Increased expression of Eph receptor tyrosine kinases and their ephrin ligands has been implicated in tumor progression in a number of malignancies. This report describes aberrant expression of these genes in ovarian cancer, the commonest cause of death amongst gynaecological malignancies.
Eph and ephrin expression was determined using quantitative real time RT-PCR. Correlation of gene expression was measured using Spearman's rho statistic. Survival was analysed using log-rank analysis and (was visualised by) Kaplan-Meier survival curves.

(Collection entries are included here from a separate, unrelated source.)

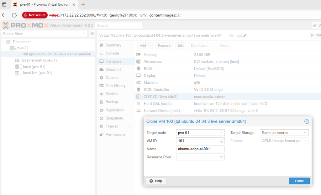 - Disk layout: Keep the AI dataset on fast NVMe; put lab VMs on separate storage to avoid contention.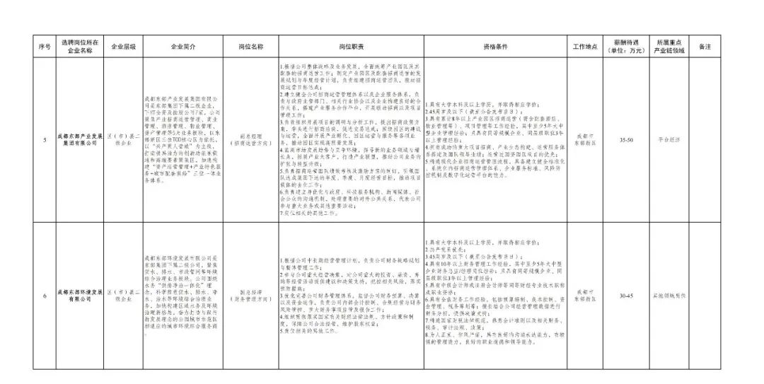 成都东部城乡建设发展有限公司副总经理 1 名;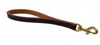 Exklusiver Kurzführer mit Schlaufe aus hochwertigem braunem Fettleder, mit massiven Messingbeschlägen und mit hellbraunem Softleder unterlegt; Handnaht !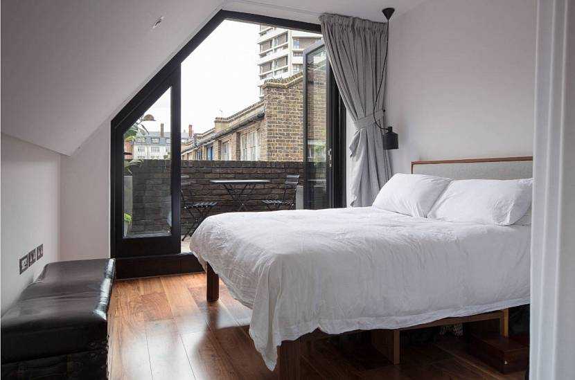 Полезно продуктивное использование окна — около него устанавливают стол. При известном старании и правильном подборе цветов нестандартная спальня будет выглядеть объемной и уютной.
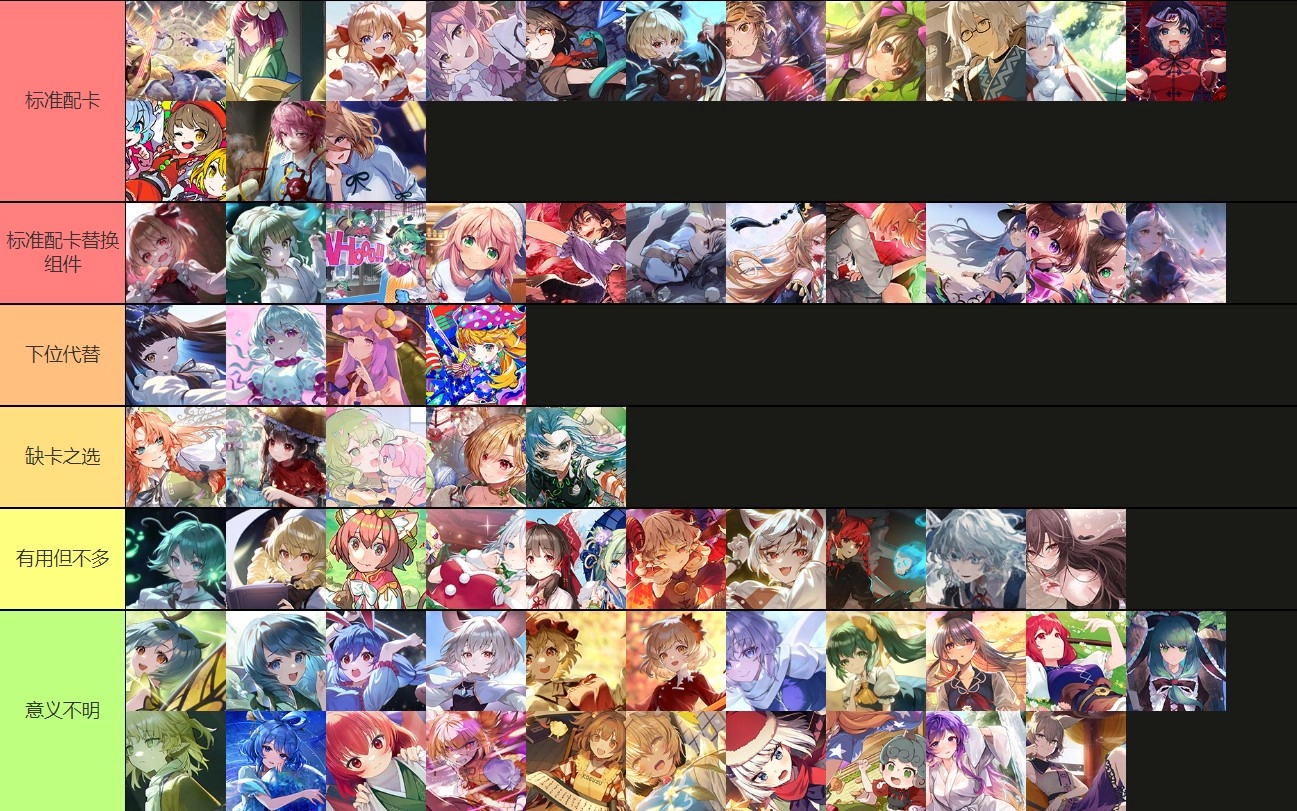此外,记忆卡也没有强度的说法,只能去谈一个泛用性和好用程度,但好用的不一定就是最好的。例如:回盾卡(例如九十九姐妹)是可代替的,但是你不带回盾卡你玩的很不舒服;同样,阿求可以被通行证的觉卡所代替(对于冲击波角色),但是又有多少人有觉卡并且满破了?

Greater than 10 fold over-expression of EphA1 and a more modest over-expression of EphA2 were observed in partially overlapping subsets of tumors. Over-expression of EphA1 strongly correlated (r = 0.801; p < 0.01) with the high affinity ligand ephrin A1. A similar trend was observed between EphA2 and ephrin A1 (r = 0.387; p = 0.06). A striking correlation of both ephrin A1 and ephrin A5 expression with poor survival (r = -0.470; p = 0.02 and r = -0.562; p < 0.01) was observed. Intriguingly, there was no correlation between survival and other clinical parameters or Eph expression.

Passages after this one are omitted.